Кольцо раскалилось на пальце от бешеного вращения.

— Ну-у… Не-е, не совсем, мисс. Вообще-то я Мадд. Энни Мадд. Ну… Это лучше звучит, что ли.

— Ясно. Что ж, мисс Мадд… Энни. Вы понима ете, что у нас убежище временное, для тех, кому некуда пойти? Не гостиница.

— Да, мисс, знаю, мисс. Я слышала про вас, и когда это… когда он… когда я… я и подумала, пойду-ка я…

— Присаживайтесь, Энни. Сколько вам лет?

— Двадцать один.

— Энни, наше убежище учреждено при Новом Храме в Господе. У нас нужно говорить правду.

— Извините, мисс. Восемнадцать, мисс, в апреле будет, в этом.

— Значит, пока семнадцать. Где ваш дом?

— Дак… Нету, мисс. Больше нету. Я туда больше не пойду. Я лучше утоплюсь. Господом клянусь.

— Успокойтесь, Энни. Мы вас не заставим вернуться. Мы никого ни к чему не принуждаем. Вас дома обижали?

— Всё потому, что я сказала, не буду больше. Он хотел, чтобы я с этим… это… Ну, я ни в какую. Никогда. И он меня стукнул сильно и запер, а я в окно и по трубе по дождевой…

— Вы говорите о вашем покровителе?

— Моем… как?

— Кавалере…

— A-а… да, он, он…

— А семья ваша, Энни? Есть у вас родные?

— Да-а, есть. Ну, мать-то померла, царство ей, значит, небесное… Сестра в Бристоль уехала. Вот я и думаю, денег накоплю, да к сестре.

— А отец? Тоже умер?

— Да лучше б помер, прости господи, извините, мисс. Он-то мне и вмазал… — Я осторожно потрогала пальцем губу.

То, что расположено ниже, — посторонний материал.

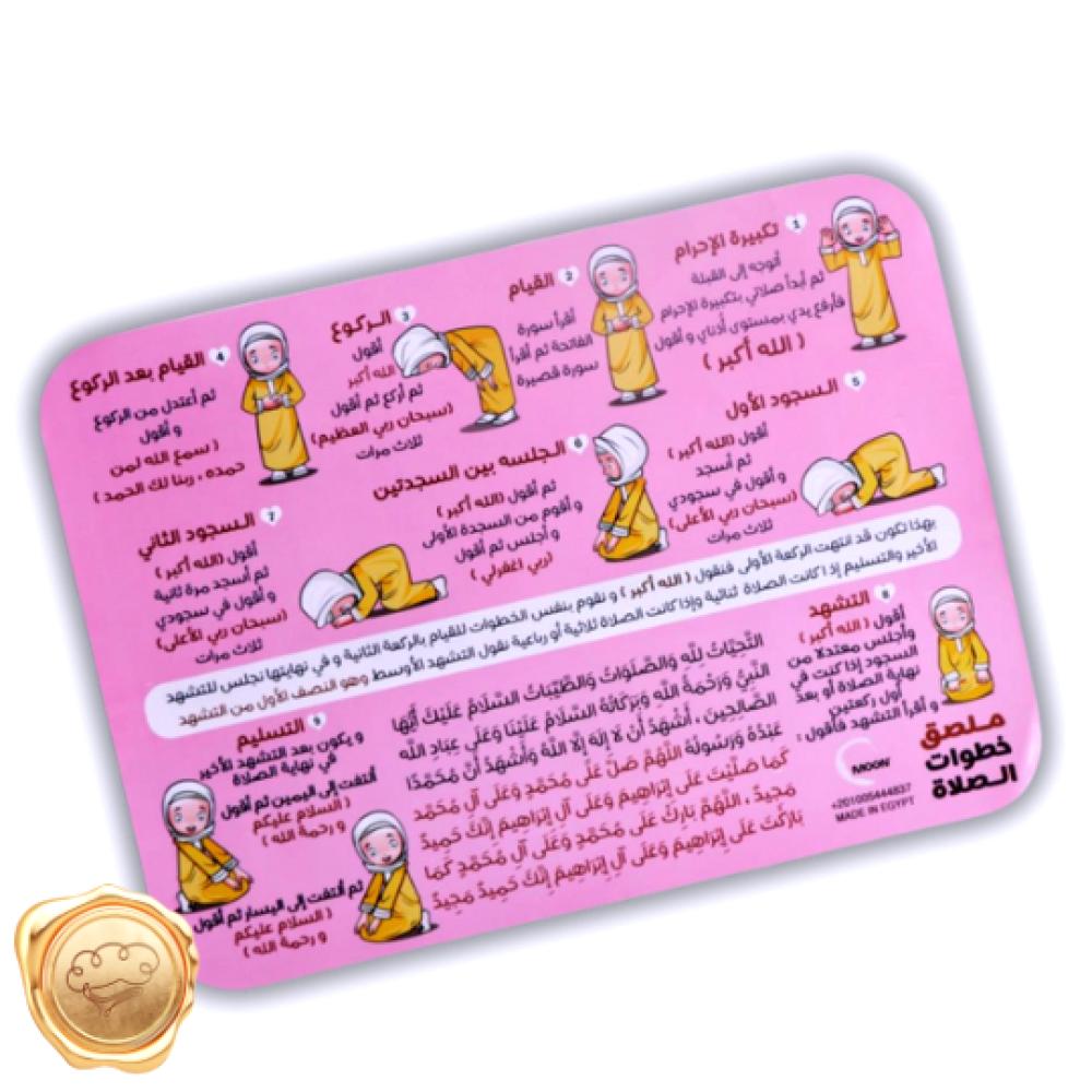 مطبوع عليها خطوات الصلاة بالترتيب تساعد الاطفال على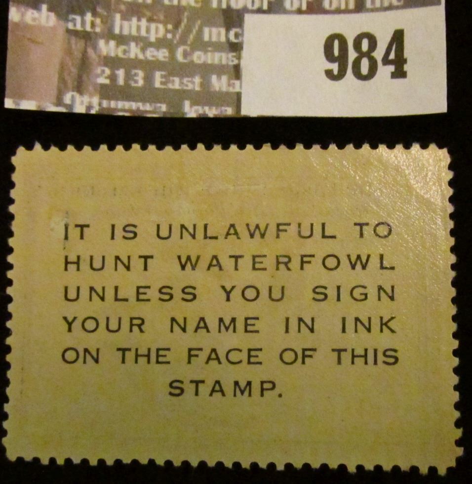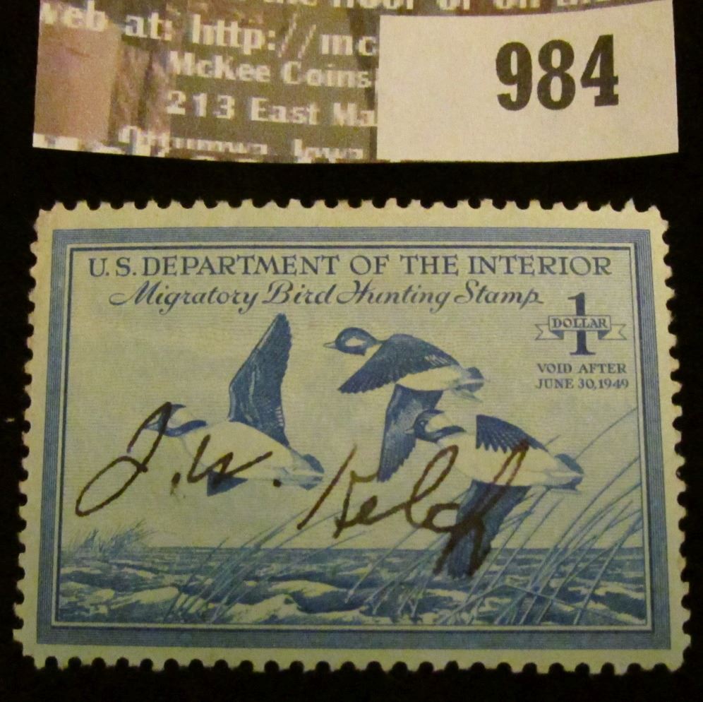 984 _ 1948 RW # 15, One Dollar U.S. Department of Agriculture Migratory Bird Hunting Stamp, signatur

— Отец, — ахнула Руби. — Ах, Боже мой… — Однако эмоции эмоциями, а дело делом. Она встала, предложила мне посидеть и вышла. Меня бегло осмотрела фельдшерица, интересовавшаяся в первую очередь паразитами и побоями, а не наркотиками, и мне удалось скрыть свою исколотую руку. Затем ванна, смена белья, горячее питание и постель в отделенном занавеской отсеке. Вечерняя суматоха была в полном разгаре, поэтому никто не заметил, что я позаимствовала на полке пару подушек и одеял, которые засунула под свою кровать. Пошатавшись по коридору, я улучила момент и стащила еще какие-то платье и шляпу. Они тоже полетели под кровать. Свет еще горел — электрический, не газ — в здании шумели женщины и дети. Я стащила башмаки, улеглась на тонкий матрасик и закрыла глаза. Спать я не собиралась, размышляла о моральной стороне предприятия. Бывают средства, которые нельзя оправдать никакой целью, однако грязная шпионская работа должна быть выполнена, и никто не подходит для нее лучше меня.